In the BIJ screenshots, the outline’s BPMN-ish shapes happen to correspond one-to-one with BPEL activities.  If that’s how the thing works, it may be just a gimmick, since you’d expect a many-to-one ration of BPEL activities to BPMN shapes in a real process.  But I suspect that’s just an artifact of the screenshot.  Hoping to find out more…

2 comments April 10th, 2006

SAP Winning the Middleware War vs Oracle?

SearchOracle.com discusses a recent Forrester report that claims SAP NetWeaver is winning the middleware battle against Oracle Fusion.  The logic isn’t fully revealed in the story, but the key seems to be more about the strength of those companies’ enterprise applications and solution partners than the technical merits of the middleware itself.  Forrester’s Ray Wang, co-author of the report, explains SAP’s advantage this way:

“A head start, a partner ecosystem and a customer base are pretty much key ingredients for success.”
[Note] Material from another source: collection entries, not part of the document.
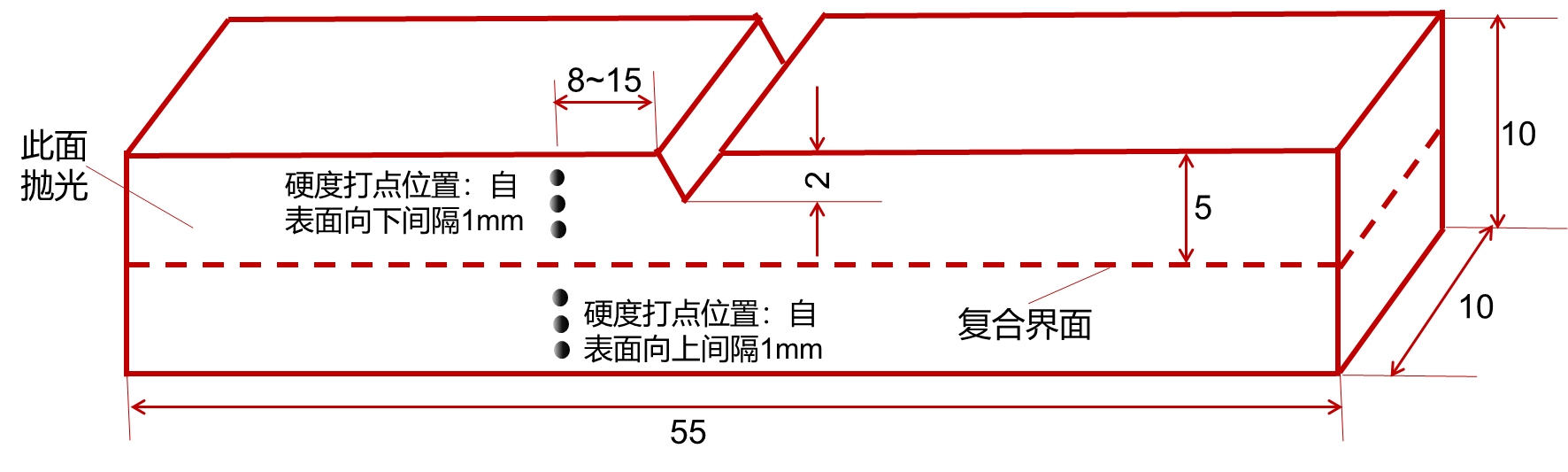 以某种材料为基板,在基板上堆焊或熔敷制作一层更强的材料,界面必须达到原子间结合,制成复合板材,参考GB/T229-2020标准进行夏比冲击测试,从复合板材中提取制作标准冲击测试试样(10×10×55mm),要求试样上的高强层厚度在5mm左右,其中包含了高强层和基板的一个侧面要加工抛光至可进行维氏硬度(加载5kg)测试的水平,试样示意图如下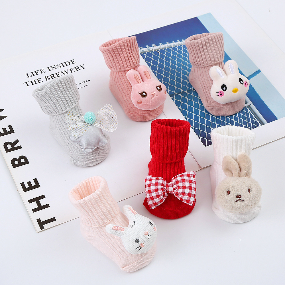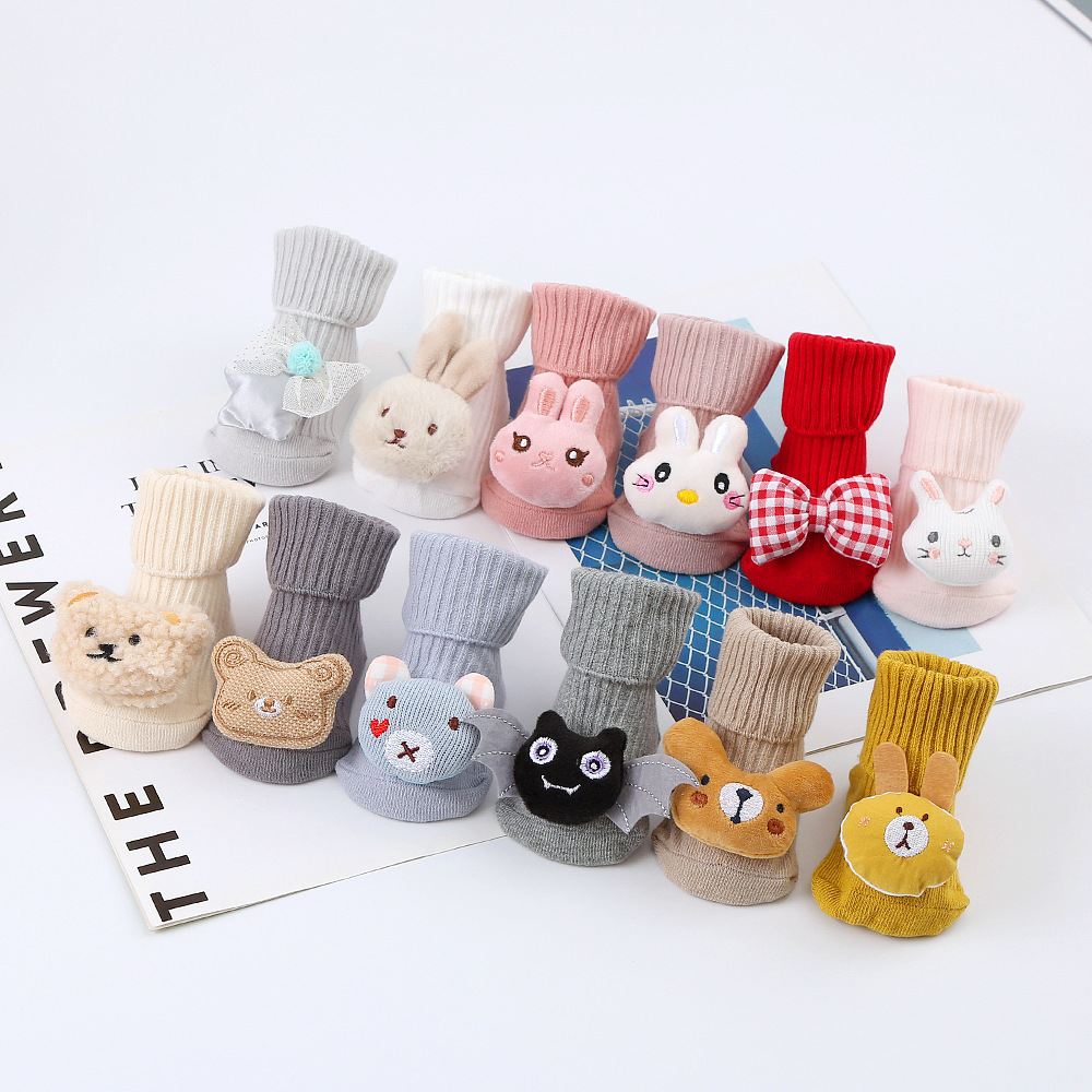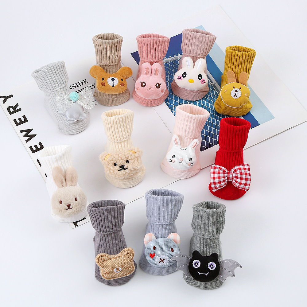 INS 더블 바늘 만화 아기 양말 0-1-3 세 접착제 미끄럼 방지 유아 양말 신생아 아기 중간 튜브 양말 비축 발스토어 가기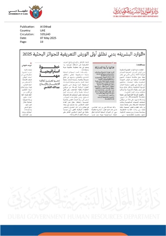 Publication: Al Etihad Country: UAE Circulation: 109,640 Date: 07 May 2025 Page: 19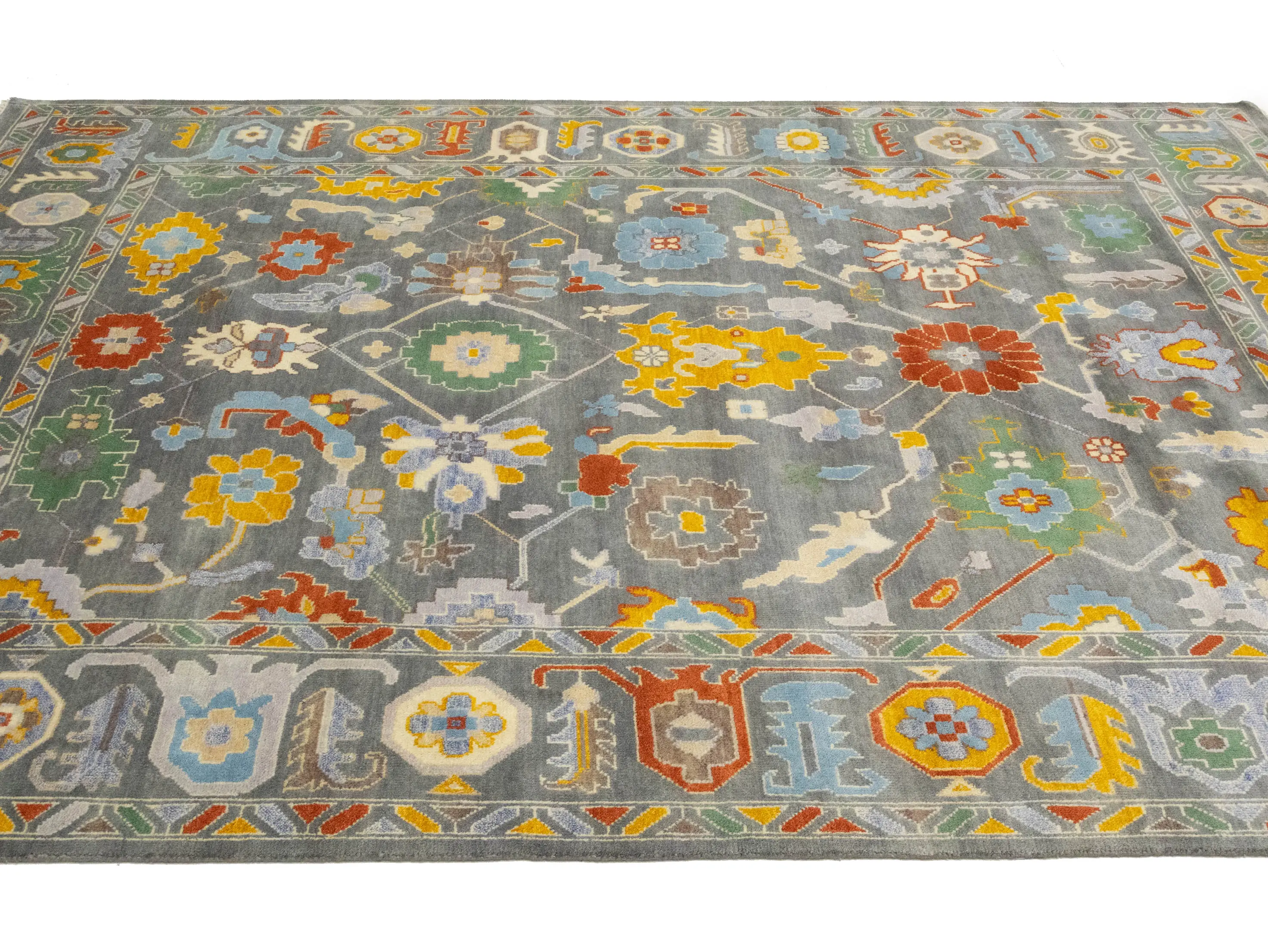 Muted Floral Colorfast 9X12 Oushak Chobi Oriental Rug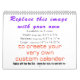 Crea tu propio calendario personalizado - Hemos hecho esto TAN fácil, simplemente reemplaza las imágenes con las suyas, agregamos el tamaño de las imágenes que debes usar dependiendo del tamaño del calendario que quieras - Haz tu propio calendario personalizado - Añade tus propias fotos, ilustraciones o diseños a este Personalizado Crea tu propio calendario - Añade texto también - cambia tipos de letra, tamaño y colores de los tipos de letra para satisfacer tus necesidades. Asegúrese de ver las caídas de las opciones de referencia cultural, vacaciones, fecha de inicio, tamaño, color de enlace, etc. todas las opciones del lado derecho antes de realizar el pedido: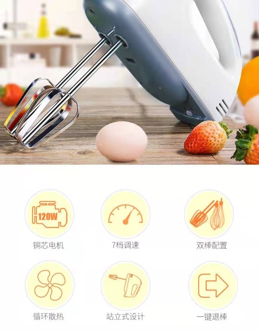 multi-functionBeat egg headWhisk the egg whites and and butter and jam and batter and batterMulti-function eggbeaterGood Baking Helper7 speed whip eggs, cre, butter, chocolate, flour, seasoning120Copper motor7 gear speedTwin rod configurationCirculating cooling stand - up designA key rodExquisite and chic take at willBeater sharpener baking really give power, save worry more effort.Exquisite and chic take at willBeater sharpener baking really give power, save worry more effort.Vertical designNot afraid of soiling the tableBake to make a little happiness, love them well hold their stomach!Strong driving forceProtein instant killingThe master baker has it much easierMake your own healthy food and enjoy the peace and quiet of solitude.Evaluation (60+) ordering instructionsRich cake delicious custard tartNutrition toastStir chocolate sauce, make chiffon to beat eggs, stir flour to beat butter to make delicate cakes, classic flavor.To make a smooth egg tart.Soft toast.Dual bar stirring/multi-great configuration304 stainless steel wire rod for food contactWhirlwind egg, double efficiency, reduce to kill time.Four - dimensional mixing bar 12 line barFour-dimensional mixing barCan mix flour, spices and other ingredients, stir , mashed potatoes, jam and other mushy ingredients.Hold an egg whisk at home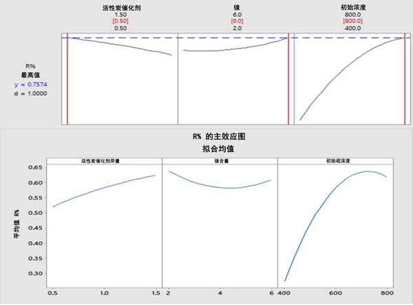 圖2:研究變量對二苯并噻吩轉化率的影響,轉化率隨著活性炭催化劑用量和初始硫濃度的增加而增加,隨著Ni負載量的增加而降低(上圖)。對于活性炭催化劑用量、Ni負載量和初始硫濃度,在0.5g、6%和700ppm時,最佳二苯并噻吩轉化率分別為75.74%(下圖)。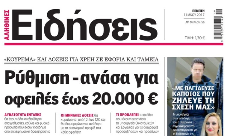 Με τίτλο: “Ρύθμιση-ανάσα για οφειλές έως 20.000€“, κυκλοφορεί σήμερα η καθημερινή εφημερίδα «Ειδήσεις».
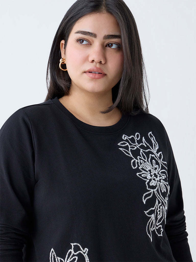 Add a touch of sophistication to your off-duty edit with this black sweatshirt from Gia. Crafted from a cotton-rich fabric, it’s adorned with exquisite floral embroidery and finished with a round neck and full sleeves for a relaxed silhouette.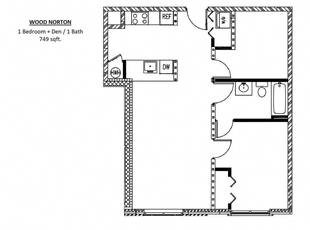 Modern - 1 Bed + Den, 1 Bath - Plano 8 Unidad de apartamento: A308Modelo de apartamento: Modern - 1 Bed + Den, 1 Bath$1,6751 Dormitorio, 1 Baño, 749 sq ftDisponible June 1, 2026![]()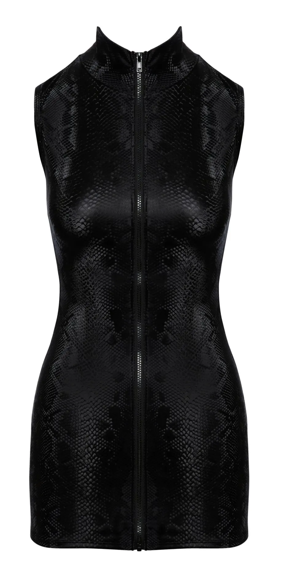 Enges kurzes ärmelloses Kleid von Cottelli PARTY in mattglänzend schillernder Schlangenhaut-Optik. Vorne mit durchgehendem Reißverschluss vom hohen Stehkragen bis zum Saum. Fantastisch elastisch für hautnahen Sitz, Passformsicherheit und hohen Tragekomfort.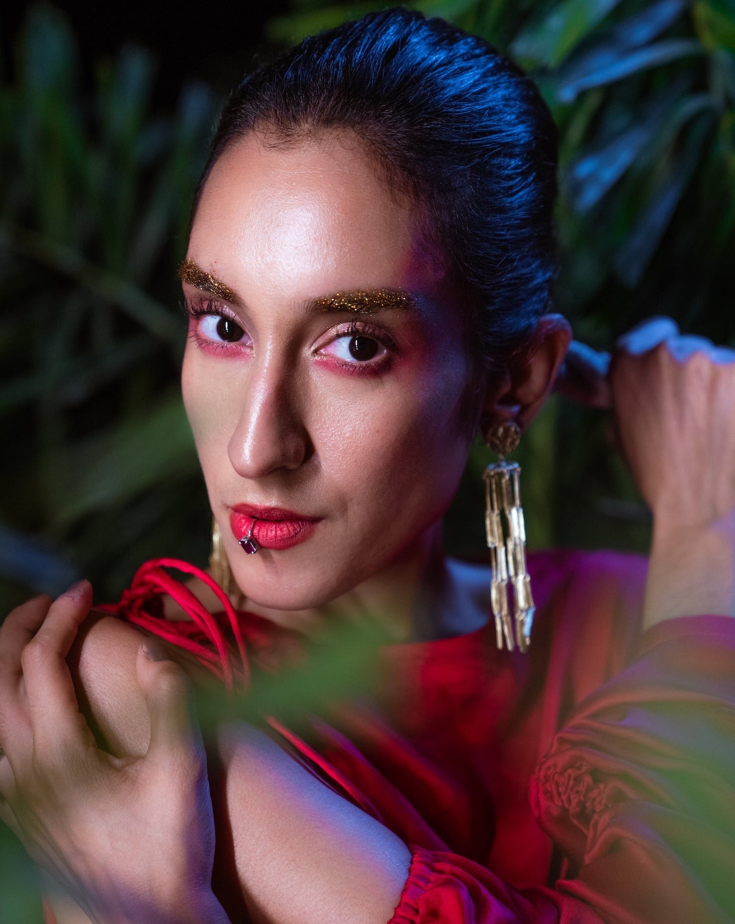This playful lip accessory, crafted by hand from 925 sterling silver, features a bright red onyx stone at its heart and adjusts easily—no piercing needed!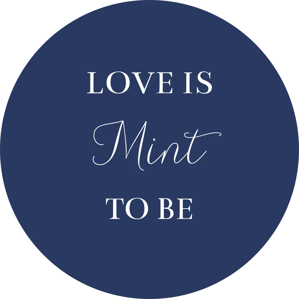 Deze sluitsticker met de tekst Love is mint to be kan je gebruiken om op een bedankje met bijvoorbeeld pepermuntjes te plakken. Zo heb je een super leuk bedankje voor jullie gasten. Deze sticker past bij de trouwhuisstijl Classic blue.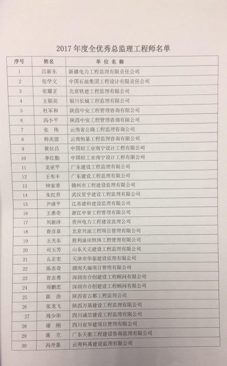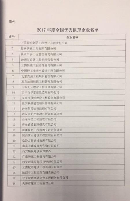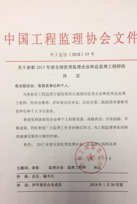 关于表彰2017年度全国优秀监理企业和总监理工程师的决定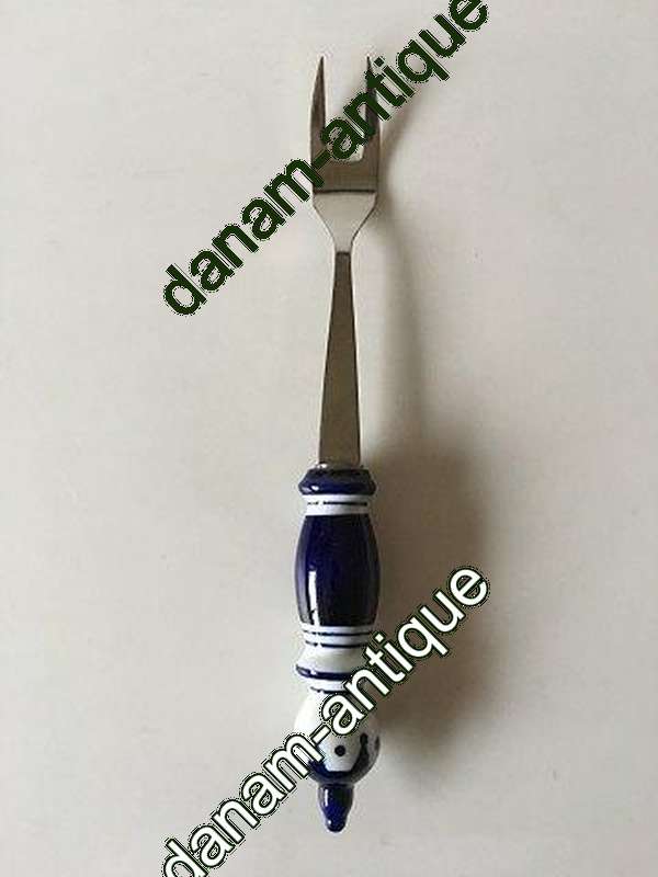 Rosenthal Blå Bjørn Wiinblad Siena Stor Kødgaffel i Keramik og Rustfrit Stål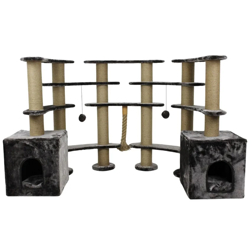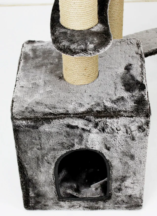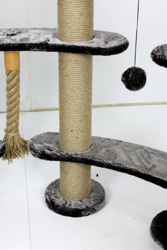 Tırmalama direklerinde kullanılan 6mm doğal jüt halat, masuralara her noktadan yapıştırılarak sağlamlık en üst düzeye çıkarılmıştır. Tırmalama direklerinin alt ve üst kapaklarında MDF kullanılmaktadır.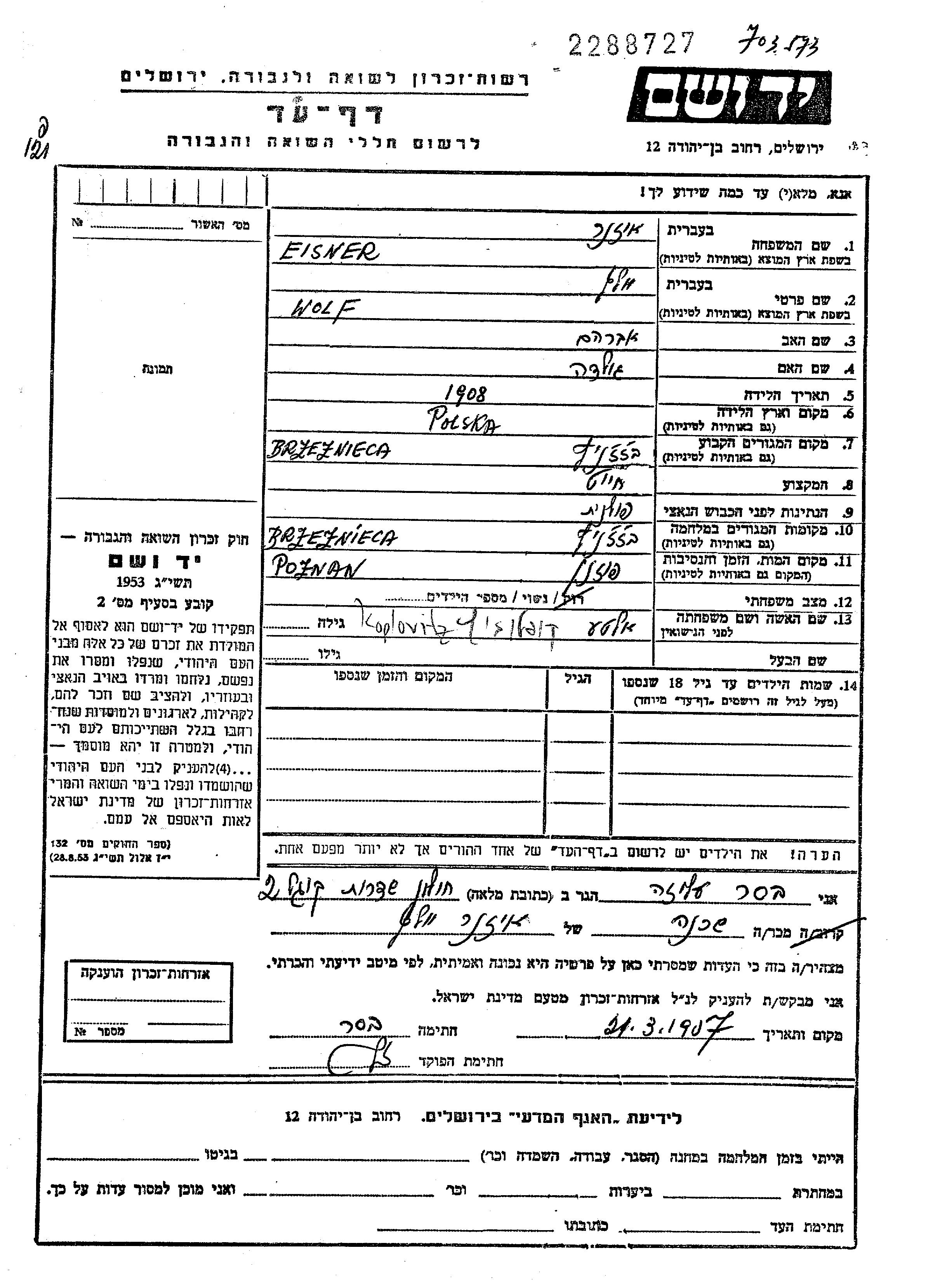 Eisner Wolf 1908 Brzeznica, פולין דף-עד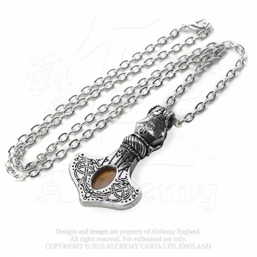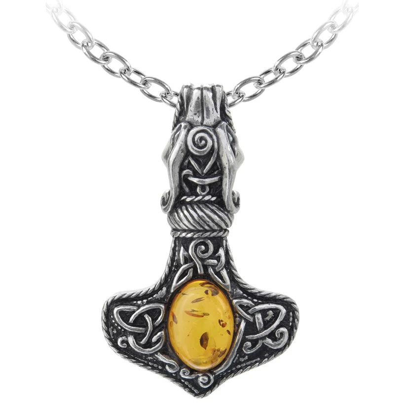 Alchemy Gothic Amber Dragon Thorhammer Pendant.
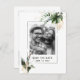 Este cartão postal de convite de casamento com foto de salva data apresenta folhagem tropical verde aquarela, folha de monstera, folhas de palmeira, folhas de banana com acentos de folhas de ouro falso. É perfeito para um casamento na praia ou destino. >>> Confira a coleção completa >>> https://www.zazzle.com/collections/tropical_foliage_green_collection-119021829937676776

In addition to the core apps themselves, BPM is one of three fronts where SAP and Oracle will be duking it out over middleware, the others being business intelligence and master data management.  But the report also says, as reported by SearchOracle, that

Oracle’s strong middleware platform and better support of open standards make it the right choice for customers who rely heavily on custom development in conjunction with packaged applications…

Hey, isn’t that what BPM is all about?  Go figure.

What struck me most was the implication that BPM at both companies is ultimately just an embellishment of their application story, just like workflow was in the 1990s.  In that context, Edwin K’s re-framing of BPM concepts as Oracle application extenders makes a lot more sense.